Apesar do que tem sido garantido, e ressalvando não conhecer a realidade do norte do País, onde o Governo já garantiu que o SNS está a trabalhar em rede, a especialista afiançou ainda: a sul, na região de Lisboa e Vale do Tejo, “não há uma resposta regional”. “Há uma ajuda pontual, que é sempre nominal: precisamos de vagas hoje, telefonamos, pedimos e os hospitais, na medida das suas capacidades cooperam na transferência de um, dois ou três doentes”, explicou.

“Não é uma resposta em rede, organizada e coordenada. E desde há bastante tempo que temos apelado para que seja criada esta resposta, num sistema em tempo real, no fundo como o INEM ou o CODU [Centros de Orientação de Doentes Urgentes] têm, que vai distribuindo os doentes de acordo com as capacidades instaladas de cada hospital. Nos doentes Covid não existe nenhuma coordenação. Nunca houve interesse do Governo de fazer isso“, acusou Patrícia Pacheco.

Marta Temido responde a carta aberta de médicos: “Porque é que nos estão a empurrar?”

Outra falha do executivo, aponta a especialista, residirá na relutância em incluir os privados no esforço pontual de combate à Covid-19. A resposta de Marta Temido à carta assinada pelos bastonários da Ordem dos Médicos (atuais e anteriores) a pedir isso mesmo — a ministra a Saúde disse esta quarta-feira à noite, em entrevista à TVI, que parece que estão a tentar “empurrar” o Governo nessa direção —, será, determinou Patrícia Pacheco, apenas mais uma “prova de desconhecimento”.

“Se estamos a pedir para englobar na resposta nacional os privados e as entidades sociais é porque percebemos que sozinhos não vamos conseguir. Não é depois de o barco afundar que vão depois ver se vêm as boias salva-vidas das entidades privadas, a resposta tem de ser construída desde já”, defendeu a especialista antes de revelar que o Hospital Amadora-Sintra já contratualiza, todos os anos e sem pandemia, na altura do inverno, camas em hospitais privados.

“Isto são respostas que não chegam e estão dependentes de cada administração hospitalar e da realidade pontual de cada hospital. Tem de ser uma situação alargada“, acrescentou ainda a especialista, fazendo questão de garantir que trabalha e sempre trabalhou em exclusivo para o SNS.

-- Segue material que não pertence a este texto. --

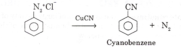 6) Reaction with copper cyanide: When diazonium chloride is treated with copper cyanide, cyanobenzene is formed.

“Os hospitais não estão desenhados para pandemias nem para infeções. Os espaços entre camas são  muito estreitos. Não estamos num país, como é a Suécia, em que os quartos são individuais em grande parte dos hospitais. Estamos a falar de Portugal, que tem um internamento em que há quartos de 3 camas, 4 camas, 6 camas. O risco real aqui é de fazermos infeções dentro do hospital“, explicou a especialista. “Como é que podemos reduzi-lo? Espaçando os doentes. E tudo isto leva a que os hospitais vão perdendo capacidade de internamento.”

Para além de poder dar uma ajuda a receber doentes infetados com o novo coronavírus, concluiu, a ajuda dos privados e das entidades sociais também poderia ser muito útil para colmatar outra falha, que com o aumento de novos casos também tenderá tendência a agudizar-se: “Não são só os doentes Covid, os outros doentes todos têm, e vão ter, sérias dificuldades de acesso à manutenção dos seus cuidados de saúde“.